Page history last edited by Brenda Butz 6 years, 3 months ago

A1.F.3.1 Identify and generate equivalent representations of linear equations, graphs, tables, and real-world situations.

In a Nutshell

Students will move between different representations of linear functions. Given one form of a linear function, such as a table, words, equation, or graph, students will be able to transfer to any other form. Tables, graphs and equations are used to find and interpret solutions to real-world linear situations.
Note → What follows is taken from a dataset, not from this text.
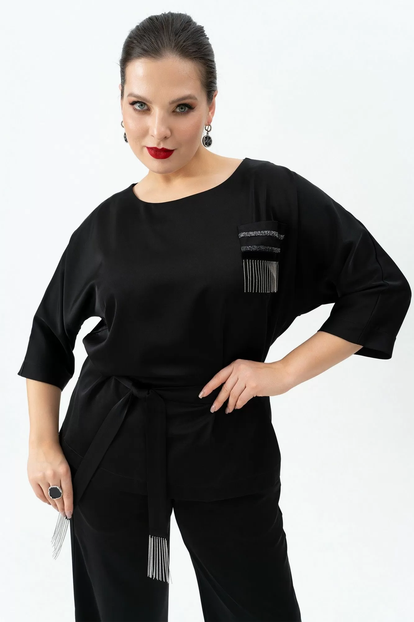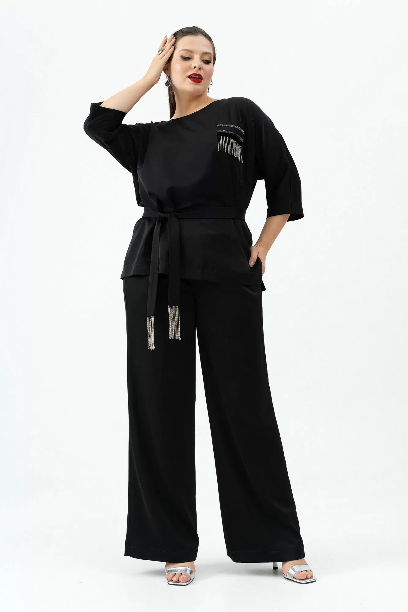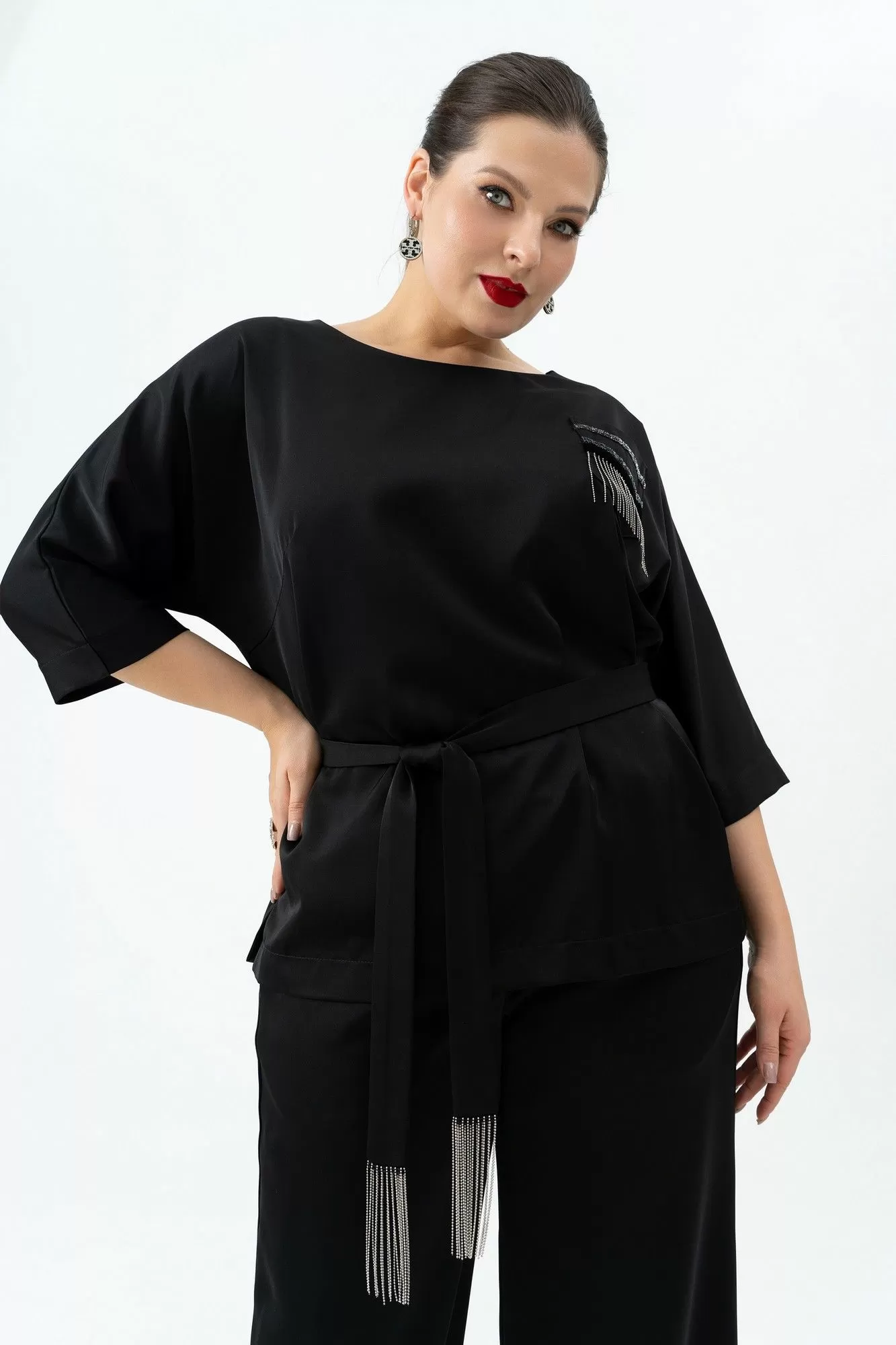 Костюм женский брючный классика для любого мероприятия. Туника прямого силуэта, с нагрудными вытачками, с декоративным карманом, с боковыми разрезами. Брюки женские прямого кроя, на притачном поясе по переду и с пояс с резинкой по спинке. Передние половинки с карманами в швах.

Student Actions	Teacher Actions
Students explore and create more than one representation (equations, graphs, tables, verbal explanations) of each linear function they explore to develop a deep and flexible conceptual understanding.. Students develop mathematical reasoning by using real world concrete situations to explore the meaning of linear functions and relate mathematical representations and graphs to real-world situations. Students develop the ability to communicate mathematically by identifying the independent variable and dependent variable in situations and justifying their reasoning to their peers and teachers. Students will relate mathematical representations and graphs to real-world situations.	Implement tasks that promote reasoning and problem solving by providing students with multiple representations of functions to solve problems. Build procedural fluency from conceptual understanding by exposing students to a variety of representations and asking them to create different representations based on those. Elicit and use evidence of student thinking by asking students to highlight features of functions in each representation. Pose purposeful questions that check for the student’s understanding of the meaning of slope and y-intercept of linear functions represented in various representations.
Key Understandings	Misconceptions
Write a linear equation in multiples forms such as Standard, General, Slope-Intercept, or Point-Slope. Identify the slope as a rate of change in a real-world linear situation and the y-intercept as the initial condition when time is zero. Interpret the slope from a table or a graph to transfer to other forms. Understand and create many different representations of functions including tables, graphs, equations and verbal representations.	When given a table representation of a linear function with the first entry pair of the table not being "when x = 0," students sometimes give the first y value given as the y-intercept and not the y-value associated to x = 0. When given a table that doesn't have consecutive x-values, students sometimes will calculate the slope wrong.